Lagrange interpolating polynomials:

A third possibillity would be to write down the $n$’th Lagrange interpolating polynomial of $f(x)$ with grid points $x_i = \frac{2014i}{n}$ for $i=0,1,\ldots,2014$, namely $$P_n(x) = \sum_{k=0}^nf(x_k)\prod_{i=0,i\not= k}^n\frac{x-x_i}{x_i-x_j}$$ However it’s not always guaranteed that such a polynomial will converge uniformly. The given $f(x)$ might have the right properties for this, but this will have to be checked.

Answer 2

If you want to approximate functions by polynomials, I'd recommend you look at the chebfun system.

Suppose we are given a function $f$ that we want to approximate by polynomials (in the unform norm). For any given degree $n$, the best approximation is difficult to construct. You need some sort of numerical procedure, like the Remez algorithm, so there's not likely to be a closed-form formula. But, you can get an approximation that's close to optimal by constructing Lagrange interpolants based on Chebyshev sites, and for these you can obtain explicit formulae. This is how chebfun works. The details are here, especially Theorem 1 in section 4.5.

Approximations based on Taylor series are often quite poor; they are very good at one point, but deteriorate rapidly as you move away from this favored point.

Answer 3

This is not the answer you wanted but technically it is a series of polynomials with an explicit formula.

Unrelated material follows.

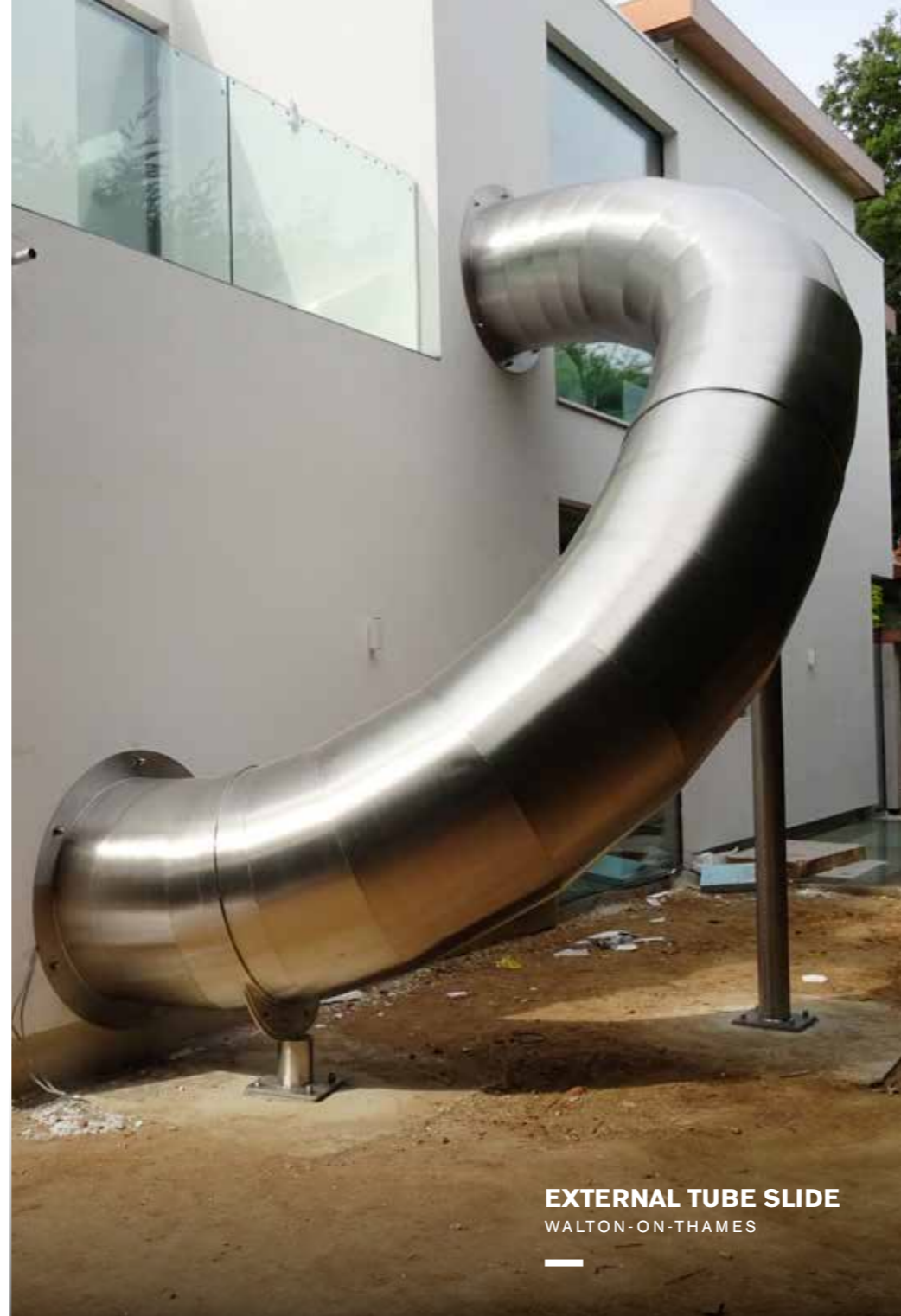
EXTERNAL TUBE SLIDE WALTON-ON-THAMES

If you want to show such a polynomial exists as @Winther noted substitute $\sin(x)$ into the taylor series of $e^{x}$

(1) $$\sum_{i=0}^{\infty}\frac{\left(\sin(x)\right)^{i}}{i!}$$

Then substitute the taylor series of $\sin(x)$ into (1).

(2) $$\sum_{i=0}^{\infty}\frac{\left(\sum_{j=0}^{\infty}(-1)^{j}{\frac{x^{2j+1}}{\left(2j+1\right)!}}\right)^{i}}{i!}$$

Note that if (1) is uniformally convergent and if the taylor series of $\sin(x)$ $\left(\sum_{j=0}^{\infty}(-1)^{j}{\frac{x^{2j+1}}{\left(2j+1\right)!}}\right)$ is uniformally convergent so is (2).

(2) seems is impossible to simplify into single sum but it shows using a series of polynomials with an explcit formula is possible. If you think a simplification could be possible you can try.